SANTOSKY V. KRAMER, 455 U.S. 745, (1982)
This case deals with standards of evidence that may be used to terminate a parents Fundamental Liberty Interest in their child. The State of New York used a “fair preponderance of the evidence” standard. The Court held that this was insufficient and that a “clear and convincing” standard was the minimum standard to which States were to be held. “The absence of dispute reflected this Court’s historical recognition that freedom of personal choice in matters of family life is a fundamental liberty interest protected by the Fourteenth Amendment.” “The fundamental liberty interest of natural parents in the care, custody, and management of their child does not evaporate simply because they have not been model parents or have lost temporary custody of their child to the State. Even when blood relationships are strained, parents retain a vital interest in preventing the irretrievable destruction of their family life. If anything, persons faced with forced dissolution of their parental rights have a more critical need for procedural protections than do those resisting state intervention into ongoing family affairs. When the State moves to destroy weakened familial bonds, it must provide the parents with fundamentally fair procedures.” The Court states that the parents and the child share an interest in avoiding an erroneous termination of parental rights. This is the same interest as in divorce. “Yet while there is still reason to believe that positive, nurturing parent-child relationships exist, the parens patriae interest favors preservation, not severance, of natural familial bonds.” “We cannot believe that it would burden the State unduly to require that its fact finders have the same factual certainty when terminating the parent-child relationship as they must have to suspend a driver’s license.” “The individual should not be asked to share equally with society the risk of error when the possible injury to the individual is significantly greater than any possible harm to the state.” This opinion gives us additional ammunition in our fight for Parental Rights in divorce. It also brings up another issue not addressed in this book, that of evidentiary standards used in divorce. Although not addressed here, this is a vital element in our battle that will be developed more on our website and in additional books.

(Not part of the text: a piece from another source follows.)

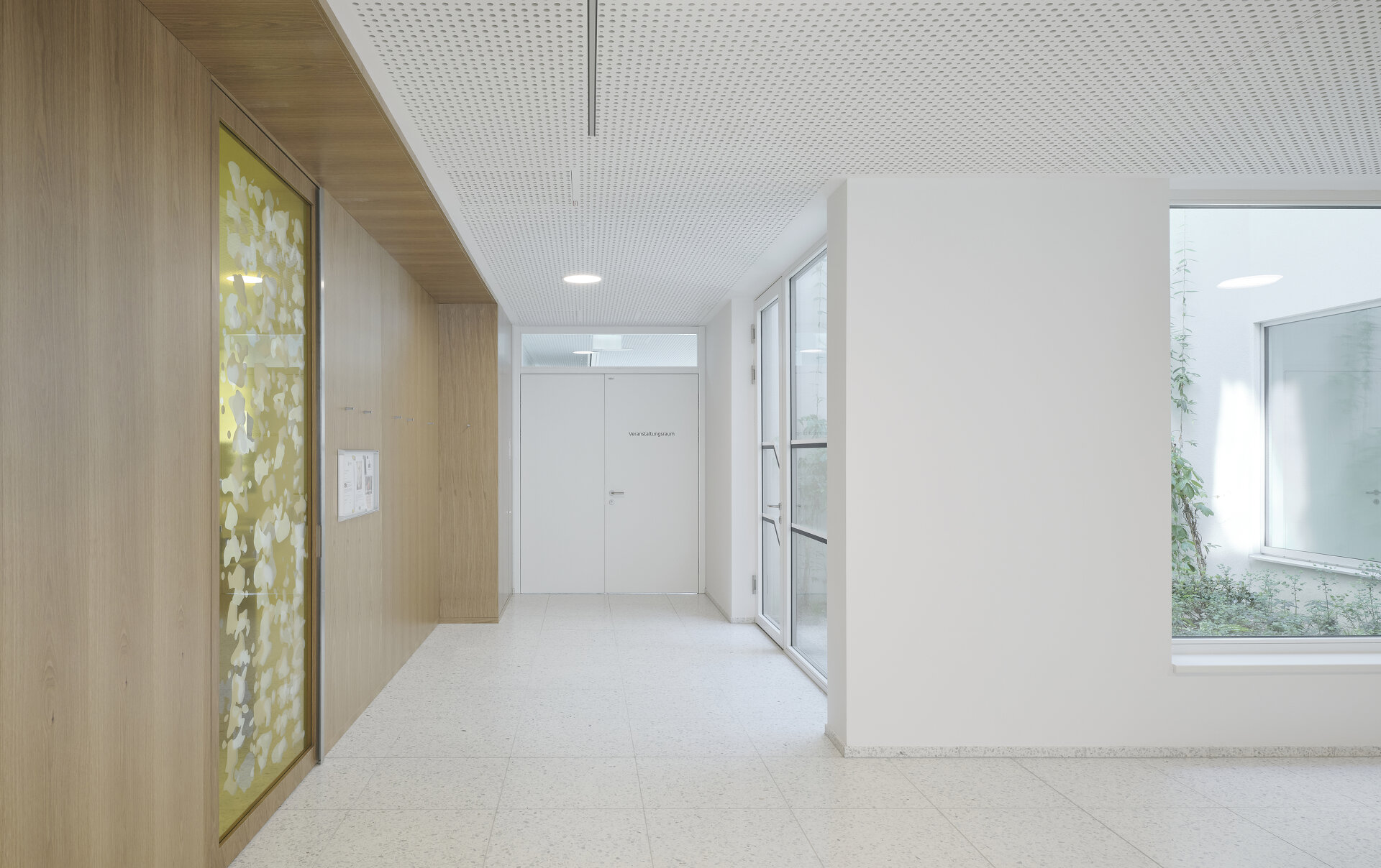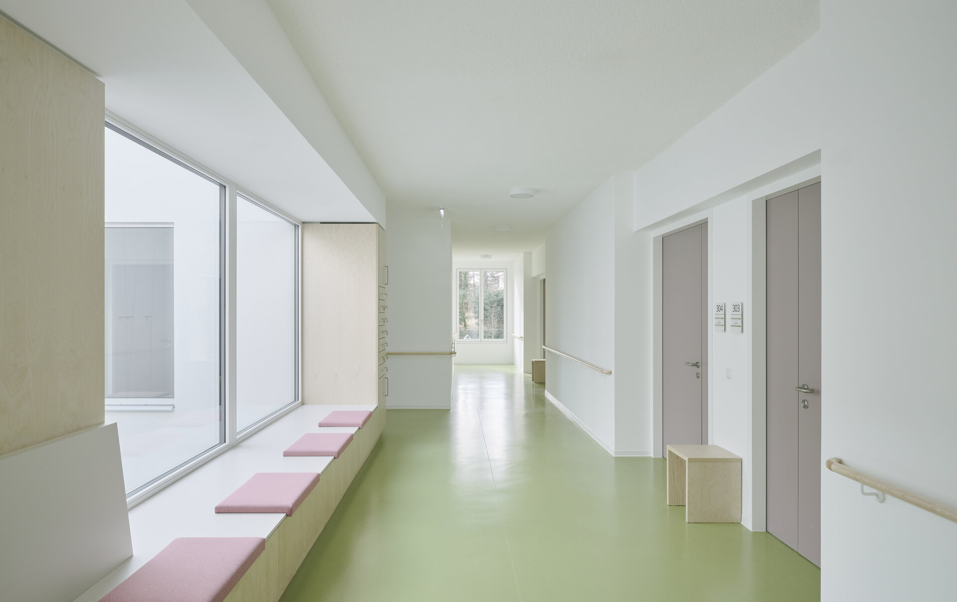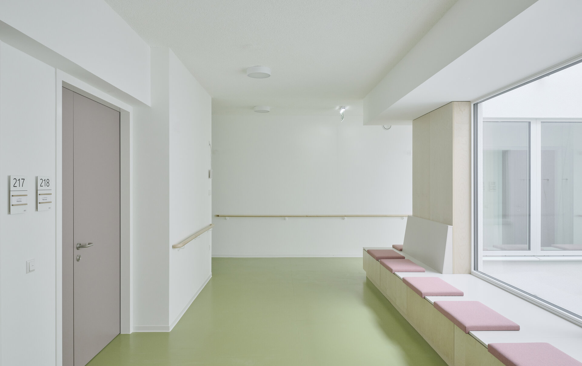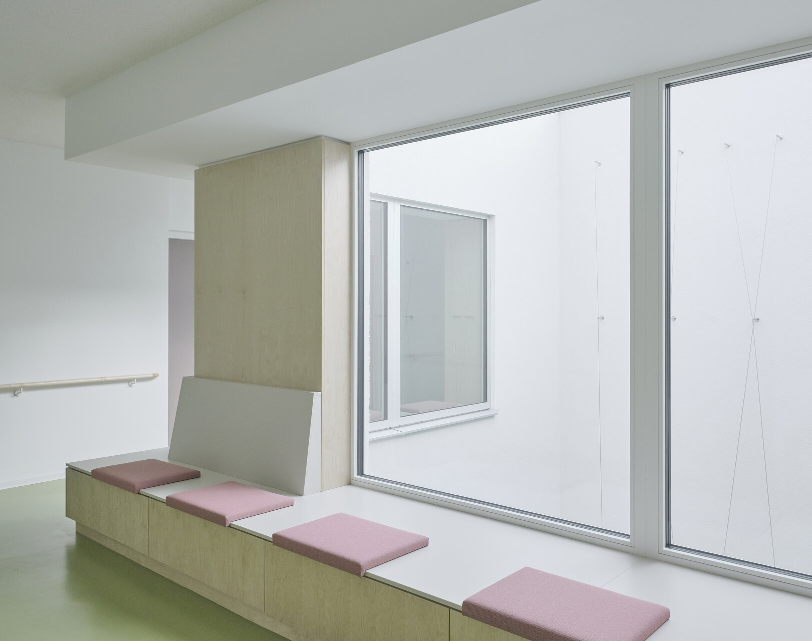 Um einen zentralen Wohnbereich ordnen sich radial die Individualzimmer. Die Nutzungen überlagern sich und es entsteht eine familiäre Atmosphäre. Die großzügige Küche bildet das Herz der jeweiligen Gruppe, bewachsene Patios gliedern den Baukörper. Die Zimmer bieten Rückzugsmöglichkeit mit Bezug zum Außenraum, Tiefe Fensternischen mit Leibungs-Sitzmöbel in Erschließungszonen Aufenthaltsqualität.

WASHINGTON V. GLUCKSBERG, 521 U.S, (1997)
This is a case involving the right or lack thereof to physician assisted suicide. It is extremely instructive in terms of how the Court approaches determining what is and is not a Fundamental Liberty protected by the Fourteenth Amendment. There is also significant discussion on how the Court came to the conclusion that it has authority to conduct substantive Due Process reviews. There isn’t much here that is directly applicable to Parental Rights in divorce, but if you want to really understand how the Court thinks about Substantive Due Process issues, this case is very informative.